Why do people use BAT instead of TRAP?

Lexical Sets

Joey Stanley


October 28, 2019

In English sociolinguistics, you’ll often see vowel phonemes represented by a single word in small caps. For example, trap represents /æ/. However, in a lot of American dialectology papers, you’ll see authors use the label bat instead. In this post, I explain why I think these competing labels are used… and why I prefer trap over bat.

See also: “Thoughts on allophonic extensions to Wells’ lexical sets.”

Wells Lexical Sets

As it turns out the trap label came first. In fact, trap is just one in a set of 24 labels, one for each English vowel. The creator of this lexical set is John C. Wells, who established them in his 1982 three-volume series, Accents of English. In the preface of each volume, Wells explains a notation system that has since been called the “Wells Lexical Sets.” Because it is brief, I’ll quote it in its entirety (bold and small caps in original):

Words written in capitals

Throughout the work, use is made of the concept of standard lexical sets. These enable one to refer concisely to large groups of words which tend to share the same vowel, and to the vowel which they share. They are based on the vowel correspondences which apply between British Received Pronunciation and (a variety of) General American, and make use of keywords intended to be unmistakable no matter what accent one says them in. Thus ‘the kit words’ refers to ‘ship, bridge, milk…’; ‘the kit vowel’ refers to the vowel these words have (in most accents, /ɪ/); both may just be referred to as kit.
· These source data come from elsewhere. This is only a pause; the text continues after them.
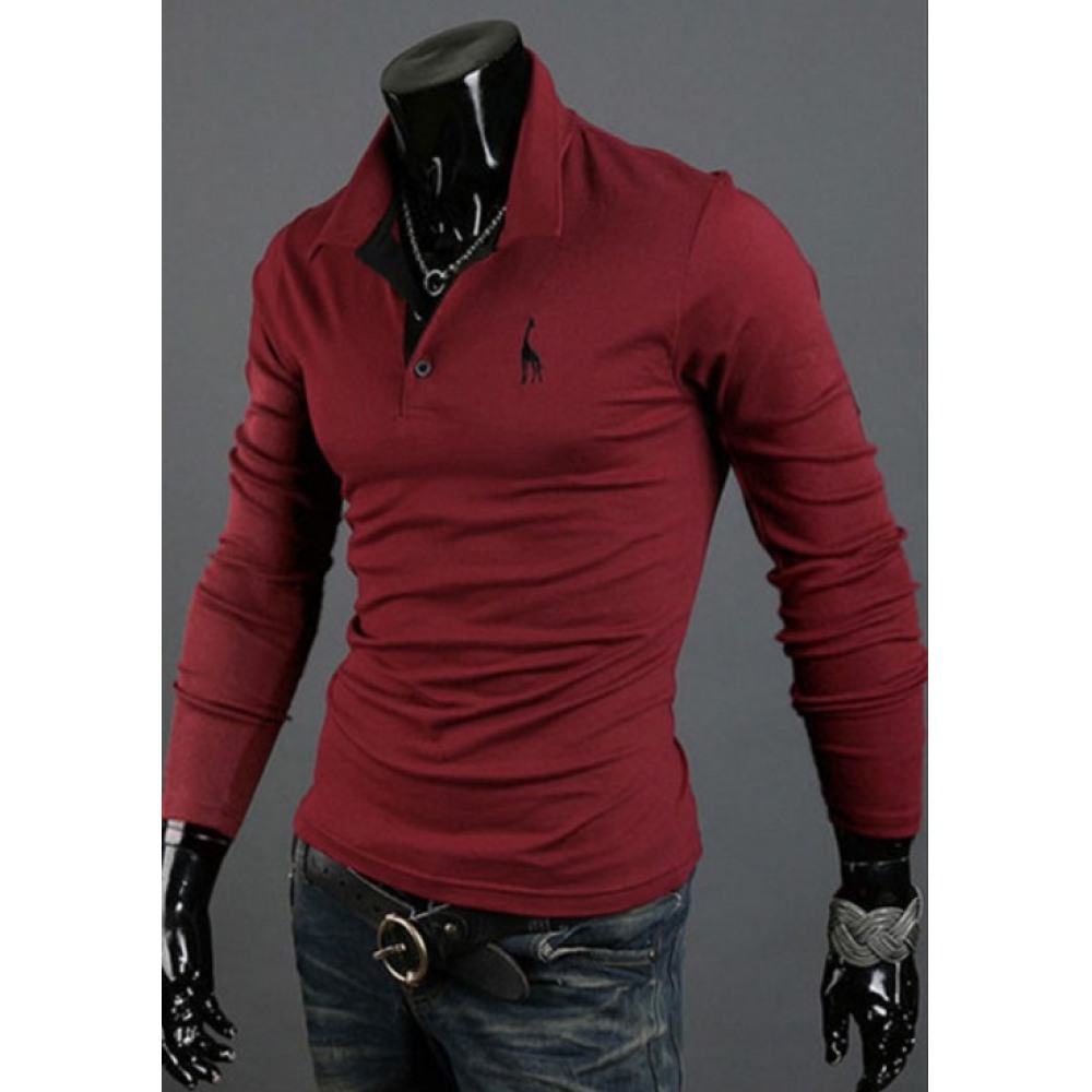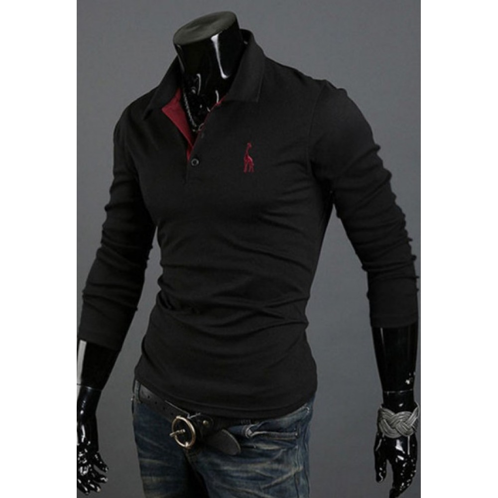 New Summer Casual Men's Cartoon Hooded Long-Sleeved Fashion Urban Self-Cultivation Lapel Everyday Mens T-Shirt
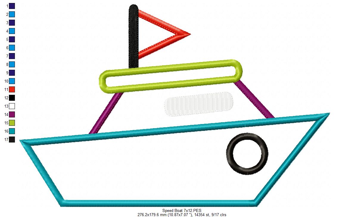 Matriz de Bordado Barquinho Azul com Bandeira – Aplique
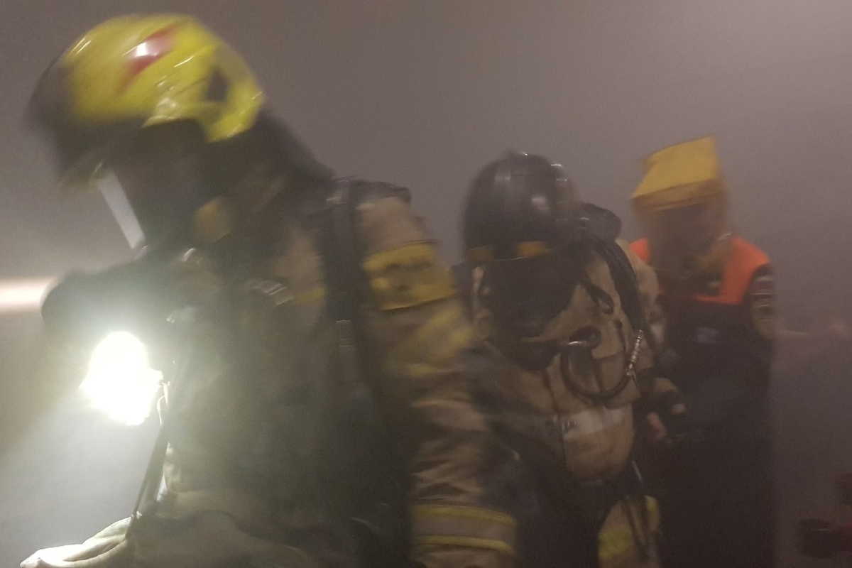 МЧС отработало условный «пожар» в торгово-развлекательном центре в Петрозаводске. Хотя пожар и был условный, дым в кинозале был самый настоящий. Спасатели были дотошны и выложились по-полной во всех смыслах. Взбегали на шестой этаж по лестницам, проверяли все закоулки, кабинеты и прочие помещения, выводили из зала подставных любителей кино.
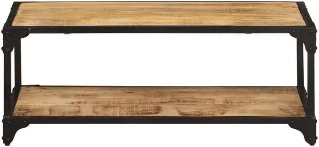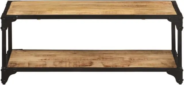 This vintage-style wooden coffee table makes a timeless addition to your home. Made of solid rough mango wood, this side table exudes an original look. The exquisite craftsmanship and the beautiful mango wood grains make every piece of furniture unique and slightly different from the next. Thanks to the strong iron frame, the coffee table is very steady and durable. The tabletop provides a stable and secure surface on which you can place your drinks, a fruit basket or vase or other decorative items. The shelf on the bottom provides ample space for storing multimedia appliances, books, magazines, and other items you want to keep within reach.
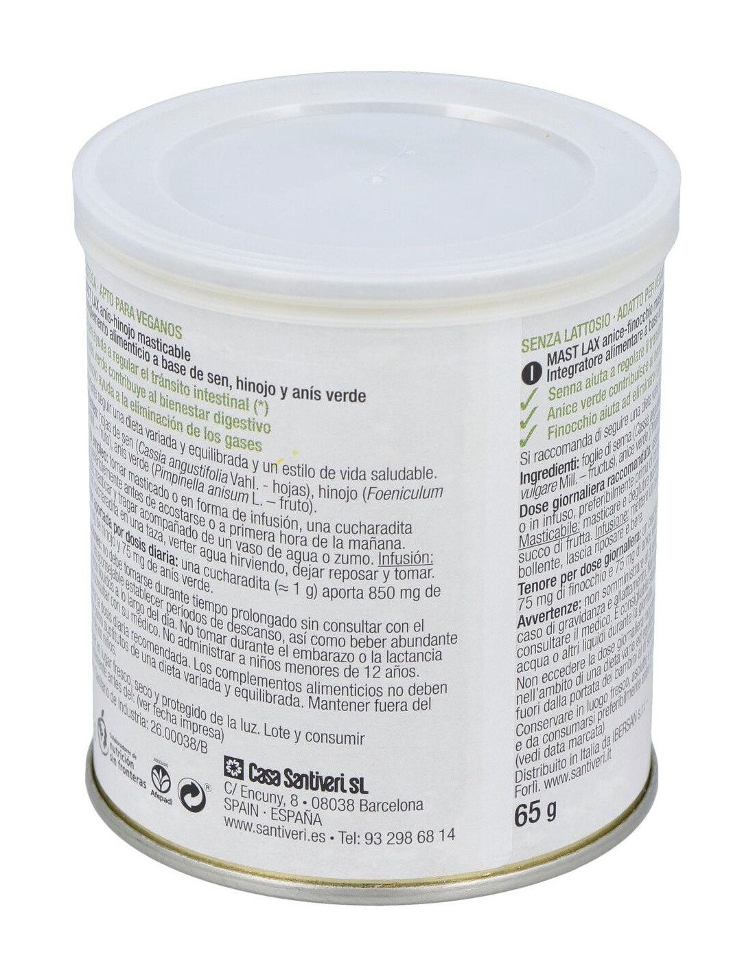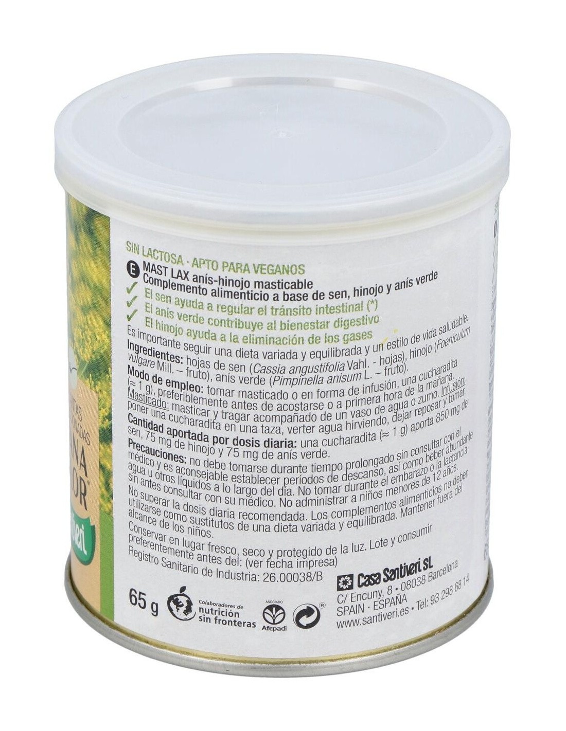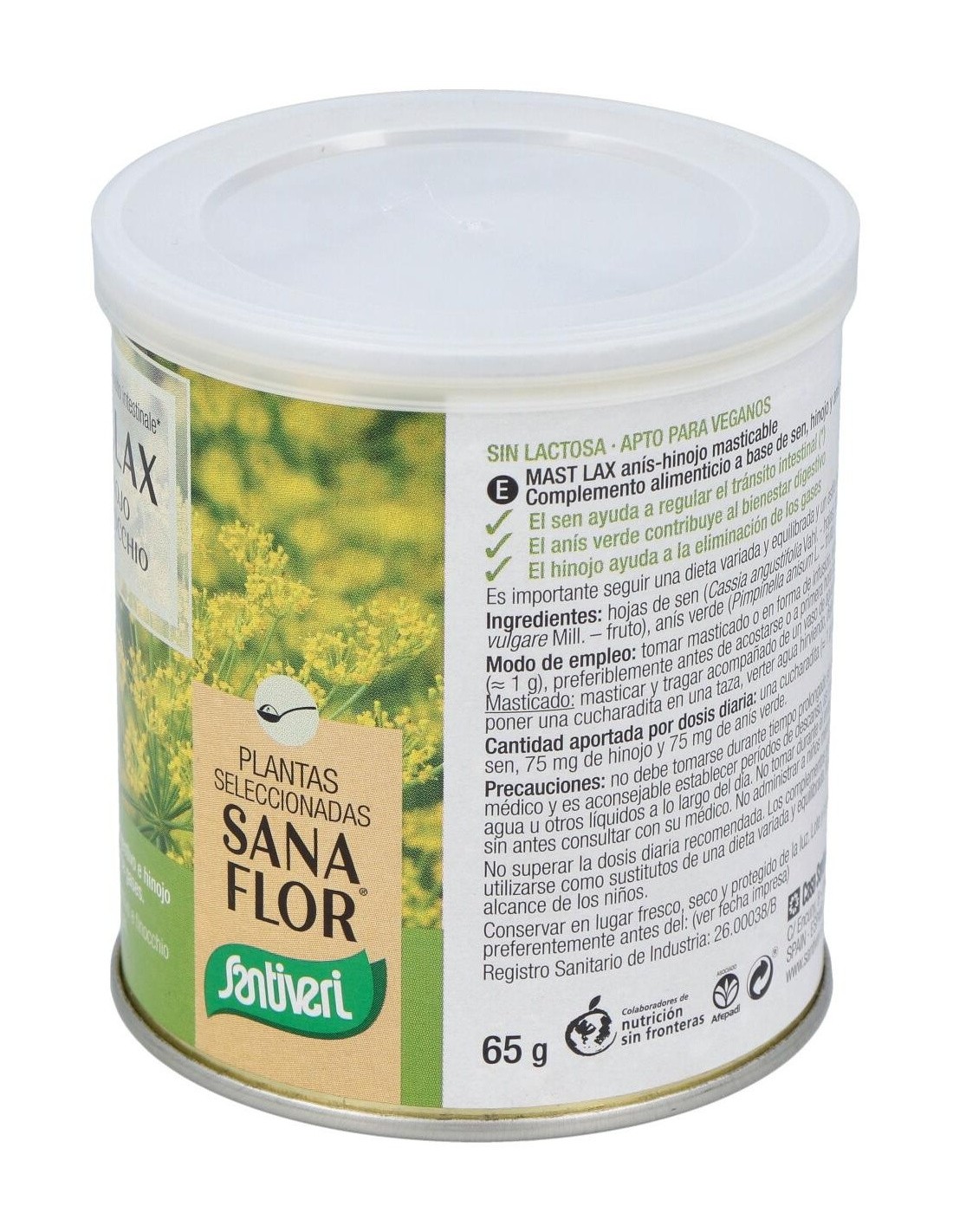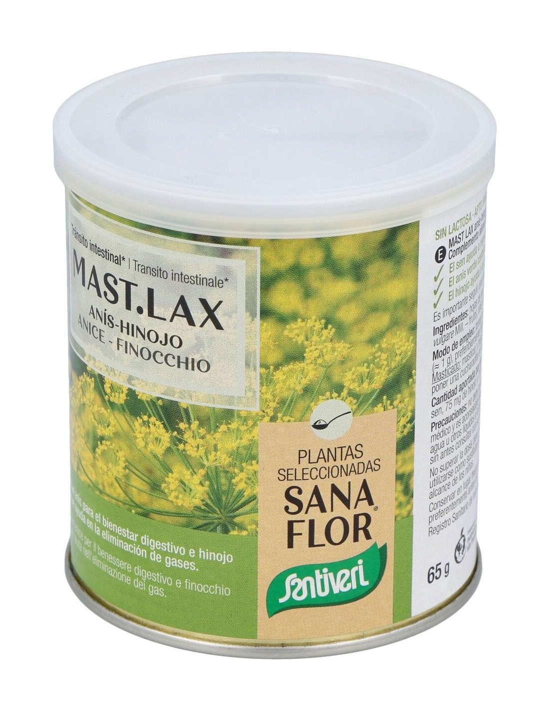 SANTIVERISantiveri Sanaflor Bote Mast-Lax Gases 65gr es un complemento alimenticio diseñado para estimular el tránsito intestinal y proteger la flora bacteriana.Colabora en los problemas gástricos.

Wells then provides this table:

Table 1: Wells’ original lexical sets. From Wells (1982:xviii–xix).
RP GenAm
ɪ ɪ 1. kit ship, sick, bridge, milk, myth, busy
e ɛ 2. dress step, neck, edge, shelf, friend, ready
æ æ 3. trap tap, back, badge, scalp, hand, cancel
ɒ ɑ 4. lot stop, sock, dodge, romp, possible, quality
ʌ ʌ 5. strut cup, suck, budge, pulse, trunk, blood
ʊ ʊ 6. foot put, bush, full, good, look, wolf
ɑː æ 7. bath staff, brass, ask, dance, sample, calf
ɒ ɔ 8. cloth cough, broth, cross, long, Boston
ɜː ɜr 9. nurse hurt, lurk, urge, burst, jerk, term
u 10. fleece creep, speak, leave, feel, key, people
11. face tape, cake, raid, veil, steak, day
ɑː ɑ 12. palm psalm, father, bra, spa, lager
ɔː ɔ 13. thought taught, sauce, hawk, jaw, broad
əʊ o 14. goat soap, joke, home, know, so, roll
u 15. goose loop, shoot, tomb, mute, huge, view...
16. price ripe, write, arrive, high, try, buy
ɔɪ ɔɪ 17. choice adroit, noise, join, toy, royal
18. mouth out, house, loud, count, crowd, cow
ɪə ɪ(r 19. near beer, sincere, fear, beard, serum
ɛə ɛ(r 20 square care, fair, pear, where, scarce, vary
ɑː ɑ(r 21 start far, sharp, bark, carve, farm, heart
ɔː ɔ(r 22 north for, war, short, scorch, born warm
ɔː o(r 23 force four, wore, sport, porch, borne, story
ʊə ʊ(r 24. cure poor, tourist, pure, plural, jury

Later on in the book (p. 122–124), Wells compares Received Pronunciation and General American English and goes into more detail about the principle behind the lexical sets:

When we compare the pronunciation of particular words in the two accents, we find that in many respects there is a good match: for example, almost all words that have /iː/ in RP have the corresponding /i/ in GenAm, and vice versa: thus creep, sleeve, key, people and hundreds of other words. Likewise /aɪ/, transcribed identically for the two accents, and used in both cases for ripe, arrive, high, try and many other words…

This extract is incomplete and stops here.